1. Characters )]}> in parts enclosed in "" are ignored.

2. A single character )]}> enclosed in ' ' is ignored.

0x1000 QM 2.3.3. Delimiters are blanks (space, tab, new line, control characters) and delim characters.
0x2000

QM 2.3.5. Always trim blanks around tokens. Also removes blank tokens.

  • For example, tok " a , b " a -1 "," 0x2000 gets "a" and "b", not " a " and " b ".
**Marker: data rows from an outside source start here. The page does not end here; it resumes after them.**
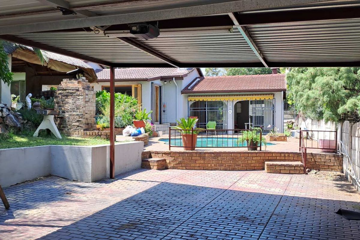 Entertainers' private garden oasis with thatched lapa and pool, plus enclosed braai area with shower. Cozy fireplace lounge, movable-island kitchen, spacious 4-car garage, three bedrooms.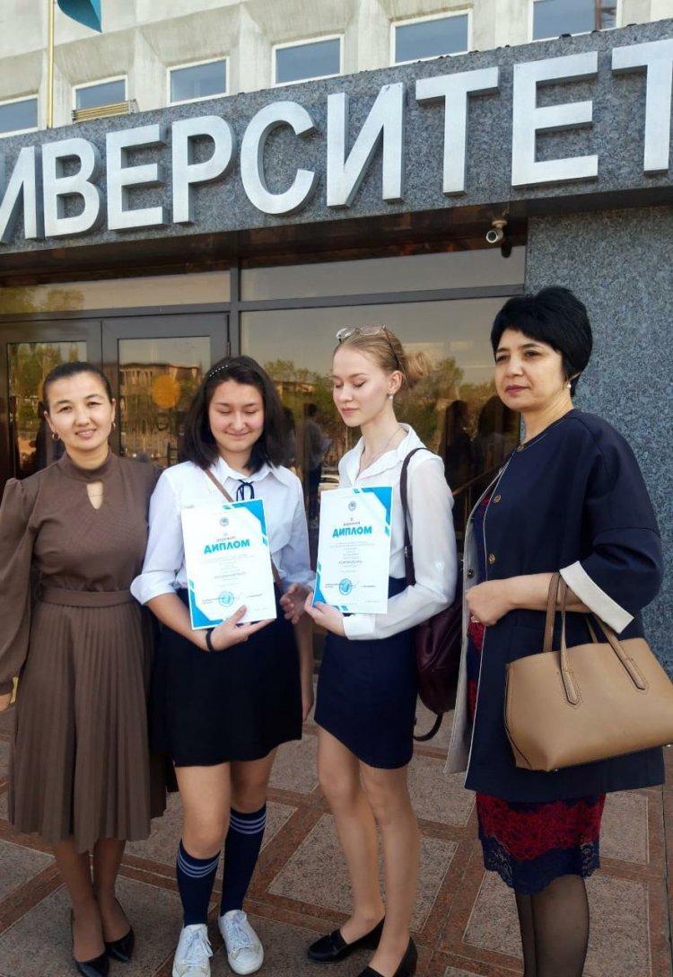 18 сәуір 2022 0 1 2 3 4 5 Награждение учеников, городской тур предметной олимпиады по биологии и физике Физика, 3 место - Казакова Полина, 11А класс, (учитель - Курбанова Г.М.)Биология, 3 место - Нурузова Маргарита, 10Б класс (учитель - Тенгизбаева Ж.Т.)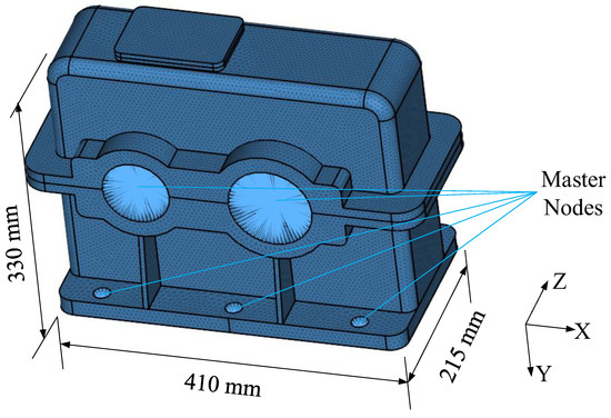 The housing in this research measures 410 mm in length, 215 mm in width, and 330 mm in height. The material is S355B (according to ISO 630-2), which has a density of 7850 kg/m3, a Young’s modulus of 2.07 × 1011 Pa, a Poisson’s ratio of 0.3, and a damping ratio of 2%.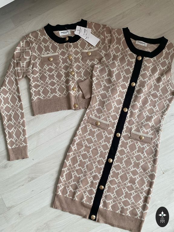 Audinys vizualiai primena liną, tačiau tai modernus poliesterio ir elastano mišinys — labai malonus kūnui, lengvas ir kvėpuojantis.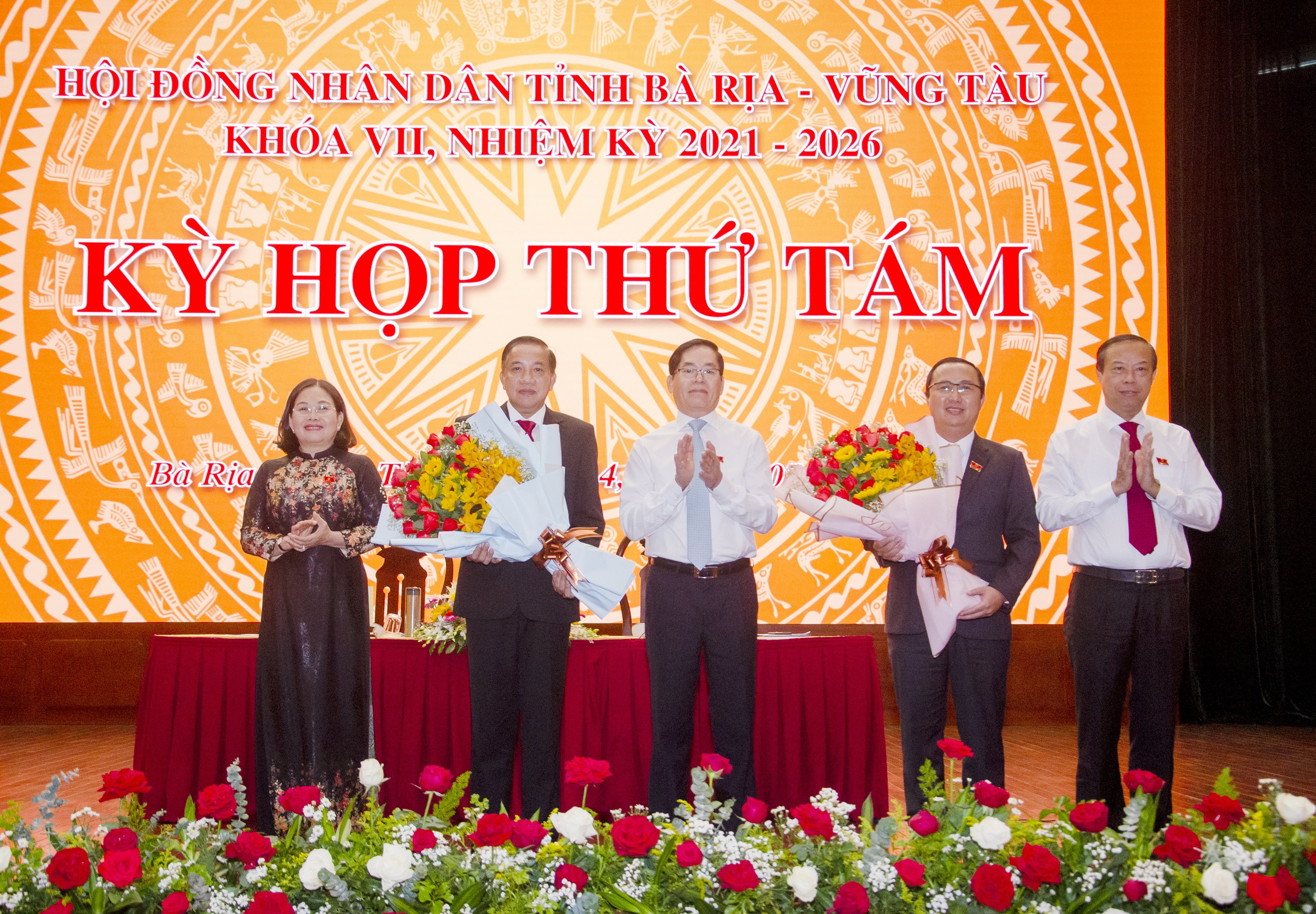 | Lãnh đạo Tỉnh ủy, UBND tỉnh tặng hoa chúc mừng ông Lê Hoàng Hải (thứ hai từ phải qua) giữ chức Phó Chủ tịch HĐND tỉnh và ông Trần Quốc Khánh (thứ 2 từ trái qua) được bầu bổ sung chức danh Ủy viên UBND tỉnh (Khóa VII, nhiệm kỳ 2021-2026). |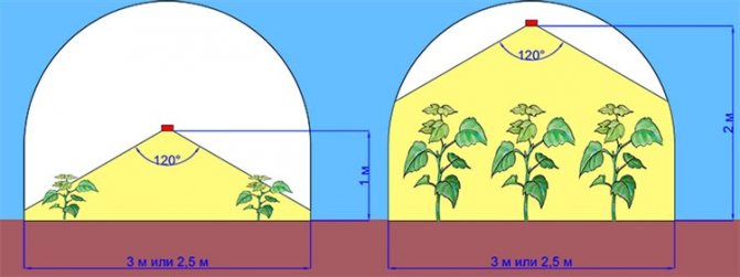 La distance entre les plantes et la source de chaleur ne doit pas être inférieure à 1 m. Ceci est particulièrement important lors de l'installation d'un appareil de chauffage puissant, car les plantes peuvent simplement «brûler». Habituellement, cette distance est choisie empiriquement et est maintenue à mesure que les plantes poussent en ajustant la hauteur de l'appareil.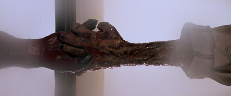 Qui n'a jamais eu peur du brouillard dans sa jeunesse ? Qui d'entre nous ne s'est pas penché un jour au-dessus d'une étendue d'eau en se demandant ce qu'elle pouvait bien abriter ? L'eau abrite donc des monstres qui ne semblent pas porter les humains dans leur coeur mais plutôt dans leur estomac. L'eau est leur abri, mais aussi et surtout leur territoire de chasse, car si l'homme a su coloniser la terre, il n'a pas encore réussi à faire de même avec les eaux. C'est donc en elles que les horreurs les plus grandes peuvent prendre place et nous épier C'est dans ces lieux inexplorés que Stephen King abrite donc de manière très classique certains de ses monstres les plus inquiétants. (Source) Tout est donc fait dans le film pour retranscrire l'œuvre originale. Trop, diront  peut être même certains. Darabont dévoile quand même un peu plus d'éléments que le récit originel. L'extérieur par exemple, est totalement extrapolé, car tout juste suggéré dans le trop court texte dont ce film s'inspire. Il en est de même pour les monstres. Ces derniers étant nécessaires à cette adaptation, Darabont nous fait découvrir un design particulier, qui fonctionne parfaitement. (Source)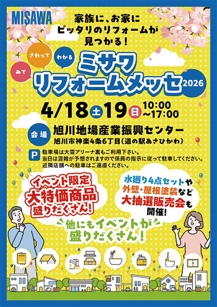ミサワホーム北海道旭川支店は、「みて、さわって、わかる ミサワリフォームメッセ2026」を4月18日(土)と19日(日)に「旭川地場産業振興センター(道の駅あさひかわ)」で開催します。お得なリフォーム商品や住宅設備商品の展示、家族みんなで楽しめるイベントなど盛りだくさんにご用意。家族にお家にピッタリのリフォームを提案します。皆さまのお越しをお待ちしています。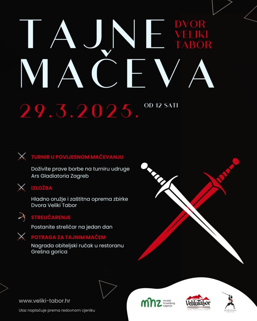Muzeji Hrvatskog zagorja pozivaju vas na jedinstveni događaj ‘Tajne mačeva’, koji će se održati u prekrasnom ambijentu Dvora Veliki Tabor! Ovaj posebni događaj obuhvaća turnir u povijesnom mačevanju, izložbu hladnog oružja i potragu za tajnim mačem.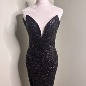 Up for Sale: Ashley Lauren Black Sequin Mermaid Gown Size 00 Off-Shoulder Sweetheart Formal Dress

arr2 - array for parts between (after) tokens. Will have same length as arr. Can be 0 if don't need.

 

Remarks

Parses string and stores tokens in arr. Returns number of tokens.

 

If arr is array of str, it receives copies of tokens. If it is array of lpstr, it receives pointers to tokens within string; it is faster.

 

QM 2.3.5. Applies flags 4-128 even if delim does not contain these characters. Then tokens include these characters.

 

QM 2.3.5. Fixed bug: flags 4-128 ignored when the enclosed part is preceded by a non-delimiter character.

 

Tips

Although tok can be used to get lines of a multiline string, there are simpler ways. See example3, foreach, findl, str.getl.

To parse strings also can be used regular expressions (findrx, str.replacerx) and other string functions, like find, findc, findw.

 

Example1

str s = "one two three"
ARRAY(str) arr
int i nt
nt = tok(s arr)
for(i 0 nt) out arr[i]
 Output:
 one
 two
 three

 

Example2

str s = "one, (two + three) four five"
ARRAY(str) arr arr2
int i nt
nt = tok(s arr 3 ", ()" 8 arr2)
for(i 0 nt) out "'%s' '%s'" arr[i] arr2[i]
 Output:
 'one' ', ('
 'two + three' ') '
 'four' ' '

 

Example3

str s = "one[]two[]three"
ARRAY(str) arr = s
for(int'i 0 arr.len) out arr[i]
 Output:
 one
 two
 three

 

Example4

str s="abcdef"
int i
 Split s into characters as strings:
ARRAY(str) a.create(s.len)
for(i 0 a.len) a[i].get(s i 1)
 Split s into characters as character codes:
ARRAY(int) b.create(s.len)
for(i 0 b.len) b[i]=s[i]